The perceived IT security in Germany has decreased

What about IT security in Germany? The short answer is: bad. The corona pandemic and the Ukraine war are affecting the mood. A detailed picture of the situation is contained in the new magazine “Cybersecurity in Figures” from G DATA CyberDefense and Statista. The employee survey contained therein shows the biggest problem areas of digitization in Germany: lack of skilled workers and fear of cyber attacks.

The corona pandemic and the Ukraine conflict have left their mark on IT security. people feel less safe. The G DATA Index – Cyber ​​Security has fallen by two percent within a year. In other words, the sense of security in Germany has decreased. In particular, the index values ​​have fallen for knowledge competence and the feeling of security.

At the same time, the perception of risk has decreased. It is noticeable that the development in individual age groups differs. The index is unchanged for younger people under 30 years of age. In contrast, in the age groups up to 49 years and up to 64 years it fell by three points to 97. It is astonishing that the index has even risen among older people over 65, to 103. In this age group, the perceived IT security has risen against the trend.

Major shortage of personnel in IT security

The survey shows how big the staff shortage is in IT. Overall, 36 percent of those surveyed complained about a lack of employees in the IT area. The situation is much more dramatic for small companies. In companies with fewer than 50 employees, 68 percent speak of a lack of staff.

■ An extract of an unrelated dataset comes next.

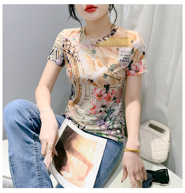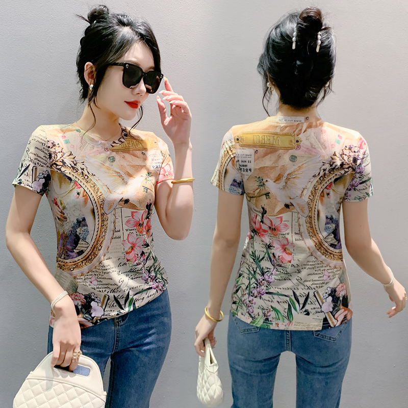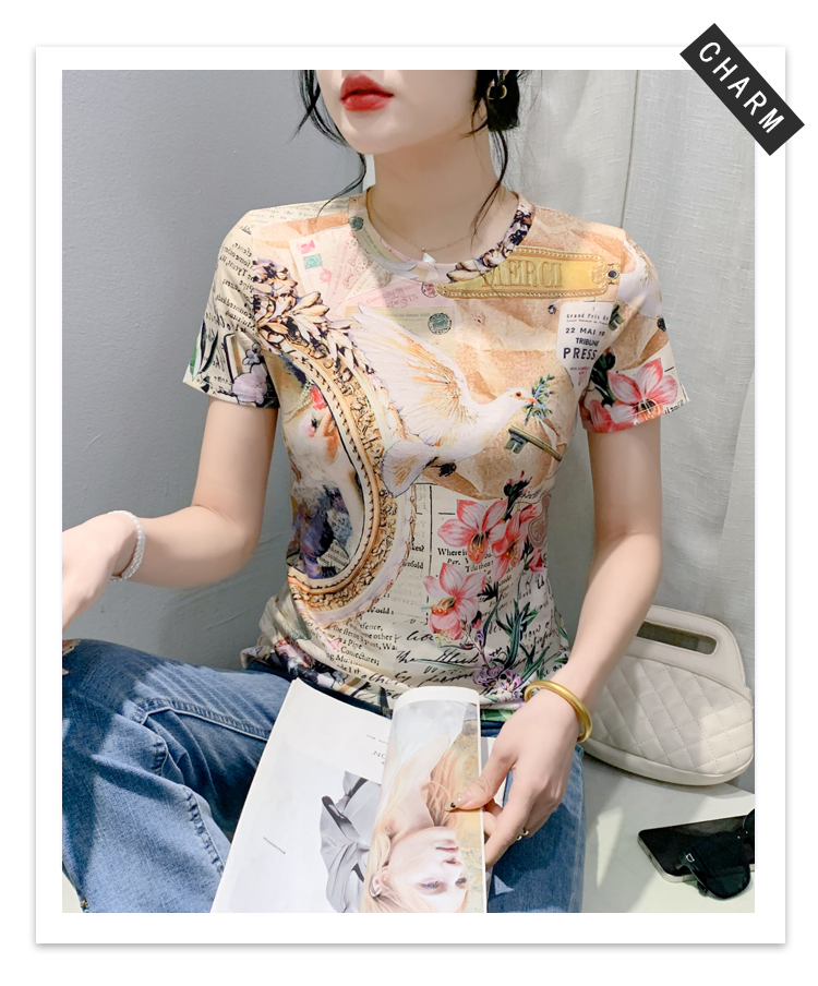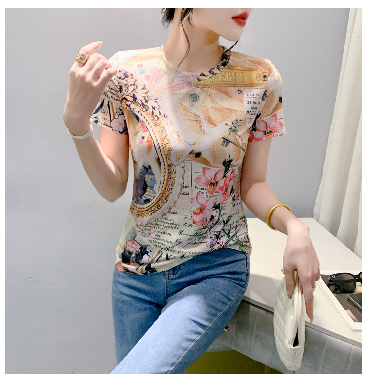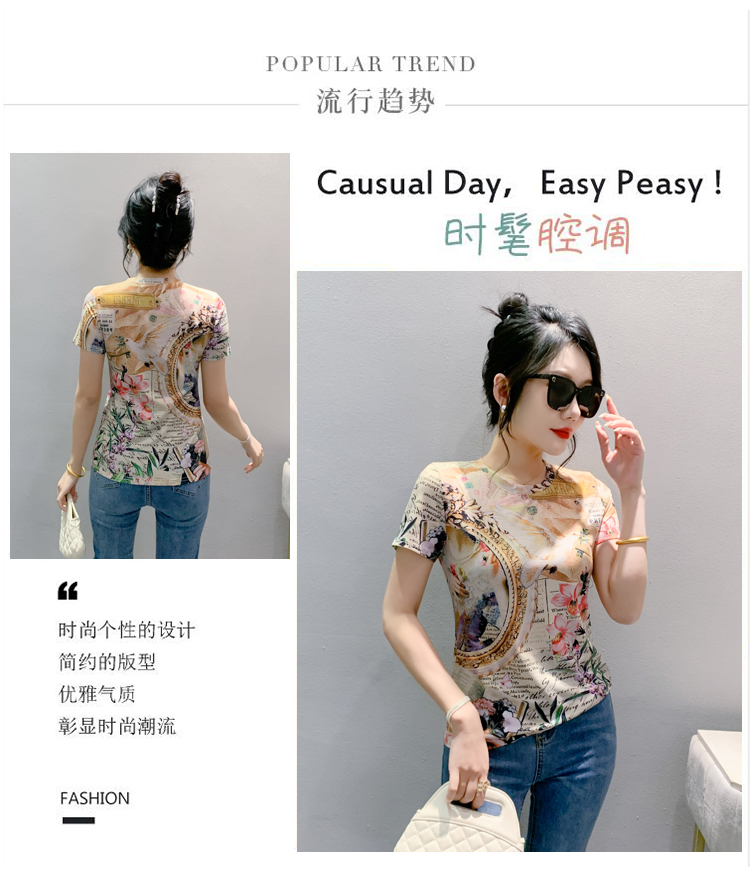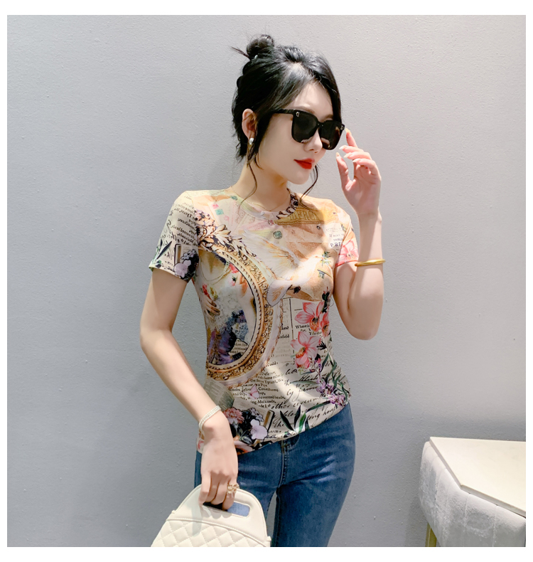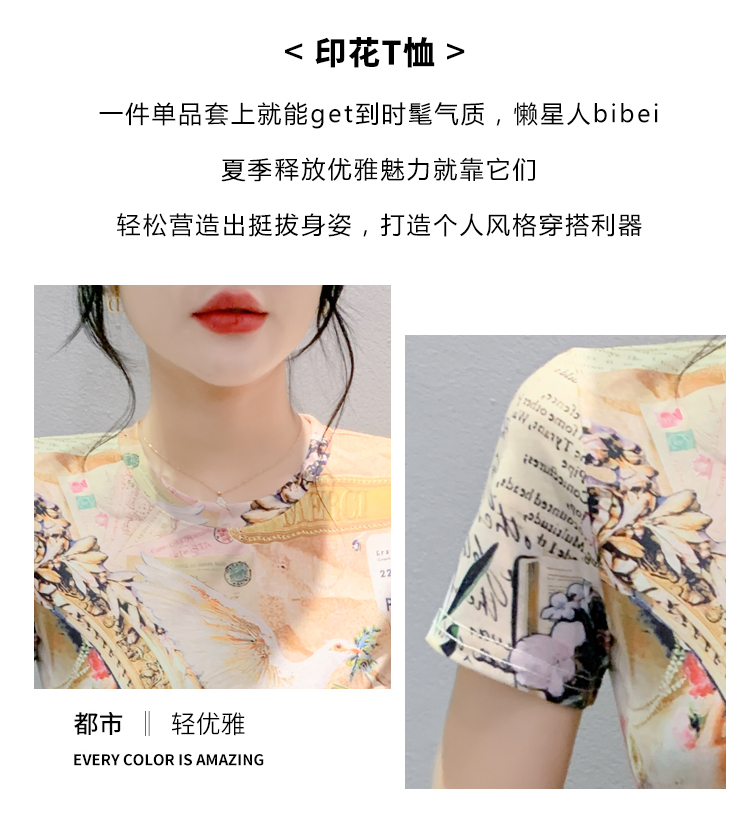 MY16996# 夏季新款时尚定位印花短袖T恤打底衫修身上衣女女裝貨源服裝批發

In large companies with more than 1,000 employees, the figure is only 11.3 percent.

The survey also reveals clear differences among IT specialists in the sectors. Accommodation and gastronomy (64 percent), art, leisure, sports and recreation (56.3 percent) and the construction industry (56.3 percent) complain about the greatest shortage of staff. The situation is much more relaxed in telecommunications and IT (10 percent), finance and insurance (13.7 percent) and public services (14.4 percent).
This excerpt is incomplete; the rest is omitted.